---------- EXERCISE DATA

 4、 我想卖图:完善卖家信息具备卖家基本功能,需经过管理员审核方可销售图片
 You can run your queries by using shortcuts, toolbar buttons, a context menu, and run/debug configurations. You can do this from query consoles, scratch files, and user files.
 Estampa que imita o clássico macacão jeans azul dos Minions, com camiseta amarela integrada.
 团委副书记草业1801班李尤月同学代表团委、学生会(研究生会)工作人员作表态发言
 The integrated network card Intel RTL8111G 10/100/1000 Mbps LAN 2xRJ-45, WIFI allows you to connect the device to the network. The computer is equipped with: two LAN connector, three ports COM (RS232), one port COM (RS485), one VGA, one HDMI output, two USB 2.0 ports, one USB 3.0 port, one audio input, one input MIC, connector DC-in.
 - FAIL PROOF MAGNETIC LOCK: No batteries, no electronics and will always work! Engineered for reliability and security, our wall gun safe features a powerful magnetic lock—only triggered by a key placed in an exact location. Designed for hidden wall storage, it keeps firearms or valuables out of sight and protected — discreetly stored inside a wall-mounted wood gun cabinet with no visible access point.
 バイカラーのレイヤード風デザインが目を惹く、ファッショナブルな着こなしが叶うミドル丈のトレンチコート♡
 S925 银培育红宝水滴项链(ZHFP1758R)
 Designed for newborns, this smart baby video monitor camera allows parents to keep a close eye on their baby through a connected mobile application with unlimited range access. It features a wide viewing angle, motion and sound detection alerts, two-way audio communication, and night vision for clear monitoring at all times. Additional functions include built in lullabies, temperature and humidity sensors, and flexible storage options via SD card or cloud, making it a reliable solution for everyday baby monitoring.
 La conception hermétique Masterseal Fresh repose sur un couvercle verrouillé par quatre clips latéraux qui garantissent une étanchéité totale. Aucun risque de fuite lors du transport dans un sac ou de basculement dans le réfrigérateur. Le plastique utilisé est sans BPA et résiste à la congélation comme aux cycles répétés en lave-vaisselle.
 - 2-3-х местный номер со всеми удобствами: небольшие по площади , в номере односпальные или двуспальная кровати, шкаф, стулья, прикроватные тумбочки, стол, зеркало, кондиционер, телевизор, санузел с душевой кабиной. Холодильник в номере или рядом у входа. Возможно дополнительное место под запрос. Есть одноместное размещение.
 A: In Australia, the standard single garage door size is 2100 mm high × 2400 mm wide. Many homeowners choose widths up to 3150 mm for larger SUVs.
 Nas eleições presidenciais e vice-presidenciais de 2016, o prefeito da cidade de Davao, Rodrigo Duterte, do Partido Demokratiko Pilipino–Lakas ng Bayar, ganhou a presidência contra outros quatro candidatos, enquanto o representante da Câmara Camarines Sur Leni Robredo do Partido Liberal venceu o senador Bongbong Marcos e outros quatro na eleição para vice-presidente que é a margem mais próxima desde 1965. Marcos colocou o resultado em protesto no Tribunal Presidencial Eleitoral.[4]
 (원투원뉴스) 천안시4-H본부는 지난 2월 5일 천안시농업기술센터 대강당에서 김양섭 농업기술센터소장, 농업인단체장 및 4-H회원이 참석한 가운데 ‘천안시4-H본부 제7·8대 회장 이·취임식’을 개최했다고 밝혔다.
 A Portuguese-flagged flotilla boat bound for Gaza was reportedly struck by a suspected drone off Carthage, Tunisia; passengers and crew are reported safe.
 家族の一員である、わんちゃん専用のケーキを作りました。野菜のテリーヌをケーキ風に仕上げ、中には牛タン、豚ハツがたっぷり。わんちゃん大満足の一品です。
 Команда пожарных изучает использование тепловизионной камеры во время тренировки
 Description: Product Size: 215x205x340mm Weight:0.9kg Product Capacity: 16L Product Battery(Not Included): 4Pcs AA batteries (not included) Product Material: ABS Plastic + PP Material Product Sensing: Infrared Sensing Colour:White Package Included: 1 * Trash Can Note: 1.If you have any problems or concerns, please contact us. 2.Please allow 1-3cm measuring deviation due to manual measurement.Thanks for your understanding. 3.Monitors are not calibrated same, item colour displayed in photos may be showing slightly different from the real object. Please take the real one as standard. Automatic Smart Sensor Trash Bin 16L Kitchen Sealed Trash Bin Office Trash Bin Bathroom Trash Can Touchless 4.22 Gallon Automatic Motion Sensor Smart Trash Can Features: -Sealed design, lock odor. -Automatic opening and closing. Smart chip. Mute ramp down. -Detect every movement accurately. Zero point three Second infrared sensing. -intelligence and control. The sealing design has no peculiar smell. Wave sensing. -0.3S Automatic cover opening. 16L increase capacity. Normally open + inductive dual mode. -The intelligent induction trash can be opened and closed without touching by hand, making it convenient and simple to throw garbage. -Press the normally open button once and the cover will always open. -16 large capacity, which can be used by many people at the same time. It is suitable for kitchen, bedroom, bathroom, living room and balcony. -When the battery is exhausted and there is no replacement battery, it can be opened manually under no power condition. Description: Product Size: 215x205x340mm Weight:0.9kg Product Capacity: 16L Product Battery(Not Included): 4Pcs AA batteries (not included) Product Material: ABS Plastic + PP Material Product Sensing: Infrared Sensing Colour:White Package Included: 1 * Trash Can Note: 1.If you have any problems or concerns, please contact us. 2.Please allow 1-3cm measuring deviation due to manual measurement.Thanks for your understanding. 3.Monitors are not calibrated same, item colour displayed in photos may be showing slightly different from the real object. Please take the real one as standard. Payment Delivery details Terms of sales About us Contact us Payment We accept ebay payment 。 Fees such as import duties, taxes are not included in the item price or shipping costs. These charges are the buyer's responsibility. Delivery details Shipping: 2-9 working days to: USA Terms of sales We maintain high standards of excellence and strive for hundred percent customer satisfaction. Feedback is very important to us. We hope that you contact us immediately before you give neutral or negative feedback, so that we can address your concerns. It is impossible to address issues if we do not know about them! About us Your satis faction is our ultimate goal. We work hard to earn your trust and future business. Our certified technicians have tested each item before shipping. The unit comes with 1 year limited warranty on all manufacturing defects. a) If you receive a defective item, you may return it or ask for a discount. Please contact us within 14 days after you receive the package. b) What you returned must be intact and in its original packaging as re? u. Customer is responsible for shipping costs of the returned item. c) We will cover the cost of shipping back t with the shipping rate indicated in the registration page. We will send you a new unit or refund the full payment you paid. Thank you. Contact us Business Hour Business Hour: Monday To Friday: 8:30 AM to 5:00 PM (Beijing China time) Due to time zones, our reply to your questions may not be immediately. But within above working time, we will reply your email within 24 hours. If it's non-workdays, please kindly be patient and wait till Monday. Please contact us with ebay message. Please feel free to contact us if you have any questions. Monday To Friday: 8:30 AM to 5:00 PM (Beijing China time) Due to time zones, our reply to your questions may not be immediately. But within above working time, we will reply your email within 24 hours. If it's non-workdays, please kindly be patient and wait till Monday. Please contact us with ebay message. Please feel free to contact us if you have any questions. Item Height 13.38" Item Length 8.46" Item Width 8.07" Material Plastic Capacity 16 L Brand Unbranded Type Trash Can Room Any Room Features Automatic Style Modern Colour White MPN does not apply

--------------------

**EXERCISE OBJECTIVE**:
Give the entries again in full, exactly as they are written.

**ANSWER BELOW**:
 4、 我想卖图:完善卖家信息具备卖家基本功能,需经过管理员审核方可销售图片
 You can run your queries by using shortcuts, toolbar buttons, a context menu, and run/debug configurations. You can do this from query consoles, scratch files, and user files.
 Estampa que imita o clássico macacão jeans azul dos Minions, com camiseta amarela integrada.
 团委副书记草业1801班李尤月同学代表团委、学生会(研究生会)工作人员作表态发言
 The integrated network card Intel RTL8111G 10/100/1000 Mbps LAN 2xRJ-45, WIFI allows you to connect the device to the network. The computer is equipped with: two LAN connector, three ports COM (RS232), one port COM (RS485), one VGA, one HDMI output, two USB 2.0 ports, one USB 3.0 port, one audio input, one input MIC, connector DC-in.
 - FAIL PROOF MAGNETIC LOCK: No batteries, no electronics and will always work! Engineered for reliability and security, our wall gun safe features a powerful magnetic lock—only triggered by a key placed in an exact location. Designed for hidden wall storage, it keeps firearms or valuables out of sight and protected — discreetly stored inside a wall-mounted wood gun cabinet with no visible access point.
 バイカラーのレイヤード風デザインが目を惹く、ファッショナブルな着こなしが叶うミドル丈のトレンチコート♡
 S925 银培育红宝水滴项链(ZHFP1758R)
 Designed for newborns, this smart baby video monitor camera allows parents to keep a close eye on their baby through a connected mobile application with unlimited range access. It features a wide viewing angle, motion and sound detection alerts, two-way audio communication, and night vision for clear monitoring at all times. Additional functions include built in lullabies, temperature and humidity sensors, and flexible storage options via SD card or cloud, making it a reliable solution for everyday baby monitoring.
 La conception hermétique Masterseal Fresh repose sur un couvercle verrouillé par quatre clips latéraux qui garantissent une étanchéité totale. Aucun risque de fuite lors du transport dans un sac ou de basculement dans le réfrigérateur. Le plastique utilisé est sans BPA et résiste à la congélation comme aux cycles répétés en lave-vaisselle.
 - 2-3-х местный номер со всеми удобствами: небольшие по площади , в номере односпальные или двуспальная кровати, шкаф, стулья, прикроватные тумбочки, стол, зеркало, кондиционер, телевизор, санузел с душевой кабиной. Холодильник в номере или рядом у входа. Возможно дополнительное место под запрос. Есть одноместное размещение.
 A: In Australia, the standard single garage door size is 2100 mm high × 2400 mm wide. Many homeowners choose widths up to 3150 mm for larger SUVs.
 Nas eleições presidenciais e vice-presidenciais de 2016, o prefeito da cidade de Davao, Rodrigo Duterte, do Partido Demokratiko Pilipino–Lakas ng Bayar, ganhou a presidência contra outros quatro candidatos, enquanto o representante da Câmara Camarines Sur Leni Robredo do Partido Liberal venceu o senador Bongbong Marcos e outros quatro na eleição para vice-presidente que é a margem mais próxima desde 1965. Marcos colocou o resultado em protesto no Tribunal Presidencial Eleitoral.[4]
 (원투원뉴스) 천안시4-H본부는 지난 2월 5일 천안시농업기술센터 대강당에서 김양섭 농업기술센터소장, 농업인단체장 및 4-H회원이 참석한 가운데 ‘천안시4-H본부 제7·8대 회장 이·취임식’을 개최했다고 밝혔다.
 A Portuguese-flagged flotilla boat bound for Gaza was reportedly struck by a suspected drone off Carthage, Tunisia; passengers and crew are reported safe.
 家族の一員である、わんちゃん専用のケーキを作りました。野菜のテリーヌをケーキ風に仕上げ、中には牛タン、豚ハツがたっぷり。わんちゃん大満足の一品です。
 Команда пожарных изучает использование тепловизионной камеры во время тренировки
 Description: Product Size: 215x205x340mm Weight:0.9kg Product Capacity: 16L Product Battery(Not Included): 4Pcs AA batteries (not included) Product Material: ABS Plastic + PP Material Product Sensing: Infrared Sensing Colour:White Package Included: 1 * Trash Can Note: 1.If you have any problems or concerns, please contact us. 2.Please allow 1-3cm measuring deviation due to manual measurement.Thanks for your understanding. 3.Monitors are not calibrated same, item colour displayed in photos may be showing slightly different from the real object. Please take the real one as standard. Automatic Smart Sensor Trash Bin 16L Kitchen Sealed Trash Bin Office Trash Bin Bathroom Trash Can Touchless 4.22 Gallon Automatic Motion Sensor Smart Trash Can Features: -Sealed design, lock odor. -Automatic opening and closing. Smart chip. Mute ramp down. -Detect every movement accurately. Zero point three Second infrared sensing. -intelligence and control. The sealing design has no peculiar smell. Wave sensing. -0.3S Automatic cover opening. 16L increase capacity. Normally open + inductive dual mode. -The intelligent induction trash can be opened and closed without touching by hand, making it convenient and simple to throw garbage. -Press the normally open button once and the cover will always open. -16 large capacity, which can be used by many people at the same time. It is suitable for kitchen, bedroom, bathroom, living room and balcony. -When the battery is exhausted and there is no replacement battery, it can be opened manually under no power condition. Description: Product Size: 215x205x340mm Weight:0.9kg Product Capacity: 16L Product Battery(Not Included): 4Pcs AA batteries (not included) Product Material: ABS Plastic + PP Material Product Sensing: Infrared Sensing Colour:White Package Included: 1 * Trash Can Note: 1.If you have any problems or concerns, please contact us. 2.Please allow 1-3cm measuring deviation due to manual measurement.Thanks for your understanding. 3.Monitors are not calibrated same, item colour displayed in photos may be showing slightly different from the real object. Please take the real one as standard. Payment Delivery details Terms of sales About us Contact us Payment We accept ebay payment 。 Fees such as import duties, taxes are not included in the item price or shipping costs. These charges are the buyer's responsibility. Delivery details Shipping: 2-9 working days to: USA Terms of sales We maintain high standards of excellence and strive for hundred percent customer satisfaction. Feedback is very important to us. We hope that you contact us immediately before you give neutral or negative feedback, so that we can address your concerns. It is impossible to address issues if we do not know about them! About us Your satis faction is our ultimate goal. We work hard to earn your trust and future business. Our certified technicians have tested each item before shipping. The unit comes with 1 year limited warranty on all manufacturing defects. a) If you receive a defective item, you may return it or ask for a discount. Please contact us within 14 days after you receive the package. b) What you returned must be intact and in its original packaging as re? u. Customer is responsible for shipping costs of the returned item. c) We will cover the cost of shipping back t with the shipping rate indicated in the registration page. We will send you a new unit or refund the full payment you paid. Thank you. Contact us Business Hour Business Hour: Monday To Friday: 8:30 AM to 5:00 PM (Beijing China time) Due to time zones, our reply to your questions may not be immediately. But within above working time, we will reply your email within 24 hours. If it's non-workdays, please kindly be patient and wait till Monday. Please contact us with ebay message. Please feel free to contact us if you have any questions. Monday To Friday: 8:30 AM to 5:00 PM (Beijing China time) Due to time zones, our reply to your questions may not be immediately. But within above working time, we will reply your email within 24 hours. If it's non-workdays, please kindly be patient and wait till Monday. Please contact us with ebay message. Please feel free to contact us if you have any questions. Item Height 13.38" Item Length 8.46" Item Width 8.07" Material Plastic Capacity 16 L Brand Unbranded Type Trash Can Room Any Room Features Automatic Style Modern Colour White MPN does not apply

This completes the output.